# What you will do
Omit the pictures and copy the entries exactly.

----- Data for analysis

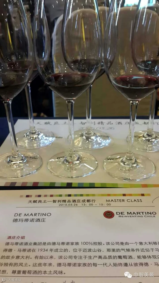 导读:中智美景携手德马蒂诺总统珍藏酿酒师精选登陆 天赋良土--智利精品酒庄成都行 活动,作为智利顶级佳酿之一的De
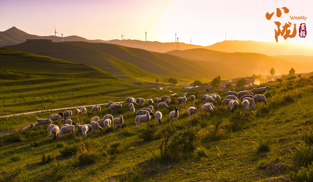 夕陽(yáng)西下,草原,房屋,羊群,山脈……融為一體,猶如一幅淡墨山水畫(huà)躍然紙上,熠熠生輝。
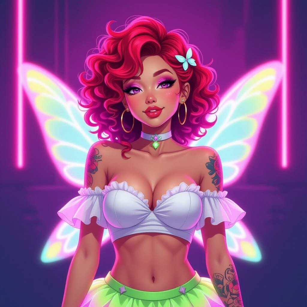 This image shows a vibrant woman in a fairy outfit, posing confidently against pink neon lights. The cel-shaded artwork features dynamic anime aesthetics and a manga-inspired composition.
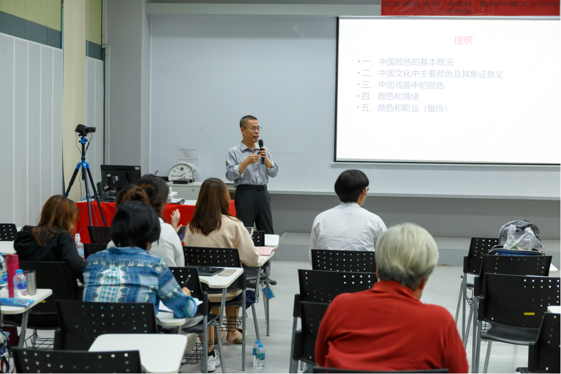 下午,王秋生教授以“颜色与中国文化”为题,系统介绍了中国颜色的分类及其背后的文化象征意义,通过丰富的历史典故与文化背景,揭示了颜色在中国文化中的独特地位与深刻内涵,激发了听众对中国传统文化的浓厚兴趣与深入探索的愿望。
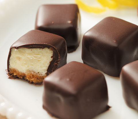 - Using a toothpick, completely dip squares, one at a time, in melted chocolate. Place on waxed paper-lined baking sheets; spoon about 1 teaspoon chocolate over each. (Reheat chocolate if needed to finish dipping.) Let stand for 20 minutes or until set. Store in an airtight container in the refrigerator or freezer. Yield: 49 squares.

----------

# Expected output
 导读:中智美景携手德马蒂诺总统珍藏酿酒师精选登陆 天赋良土--智利精品酒庄成都行 活动,作为智利顶级佳酿之一的De
 夕陽(yáng)西下,草原,房屋,羊群,山脈……融為一體,猶如一幅淡墨山水畫(huà)躍然紙上,熠熠生輝。
 This image shows a vibrant woman in a fairy outfit, posing confidently against pink neon lights. The cel-shaded artwork features dynamic anime aesthetics and a manga-inspired composition.
 下午,王秋生教授以“颜色与中国文化”为题,系统介绍了中国颜色的分类及其背后的文化象征意义,通过丰富的历史典故与文化背景,揭示了颜色在中国文化中的独特地位与深刻内涵,激发了听众对中国传统文化的浓厚兴趣与深入探索的愿望。
 - Using a toothpick, completely dip squares, one at a time, in melted chocolate. Place on waxed paper-lined baking sheets; spoon about 1 teaspoon chocolate over each. (Reheat chocolate if needed to finish dipping.) Let stand for 20 minutes or until set. Store in an airtight container in the refrigerator or freezer. Yield: 49 squares.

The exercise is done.